Voulez-vous conserver Alger avec un moindre développement et à des conditions onéreuses ? Enfin vous n'en voulez-vous pas du tout ?

 

Si vous n’en voulez pas du tout, retirez les troupes et fermez le trésor ; si ainsi que je l'espère vous voulez conserver Alger au moins comme colonie expérimentale et comme occupation militaire, déterminez dès aujourd'hui la forme, la mesure, les conditions de cette colonie, et rendez douze ou quinze millions aux contribuables. »

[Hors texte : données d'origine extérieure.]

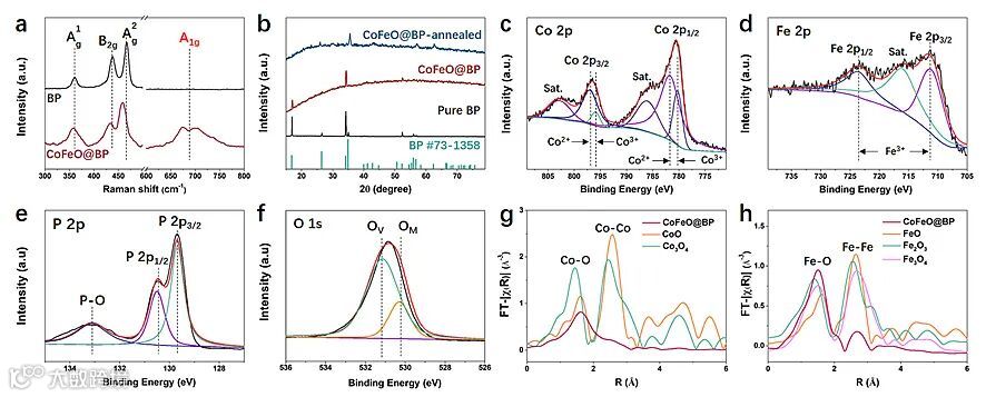 Figure 2. a) Raman spectrum of pure BP and CoFeO@BP nanosheets. b) XRD pattern of BP, CoFeO@BP and thermally annealed CoFeO@BP. c to f) High-resolution XPS spectra of Co 2p, Fe 2p, P 2p and O 1s for CoFeO@BP. g & h) EXAFS spectra of Co and Fe K-edge for CoFeO@BP together with various references.

Alphonse de Lamartine, poète et député, dessin daté autour de 1840 - source : Gallica-BnF

Après avoir rappelé les débouchés qu'offrent ces nouveaux territoires, Lamartine développe son principal argument, celui d'une mission civilisatrice de la France en Algérie, qu'il oppose à la « barbarie » des musulmans.

 

« Dans ma conviction, de grandes colonisations entrent indispensablement dans le système politique que l’époque assigne à la France et à l’Europe. L’Orient les rappelle, et le défaut de débouchés intérieurs les rend nécessaires à nos populations croissantes [...].

 

Les orateurs qui ont parlé contre ce système, n'ont envisagé les colonisations que sous le rapport commercial et agricole ; ils ont négligé le côté politique de la question [...].

 

Remettre les rivages et les villes de l’Afrique à des princes arabes, ce serait confier la civilisation à la barbarie, la mer à la garde de ses pirates, nos colons à la protection et à l'humanité de leurs bourreaux. »

 

Se plaçant sur le plan de la morale, il reprend ainsi un des objectifs qui avaient officiellement motivé, en 1830, le début de la conquête de l'Algérie par Charles X : la nécessité de mettre fin à la piraterie qui sévissait dans la région.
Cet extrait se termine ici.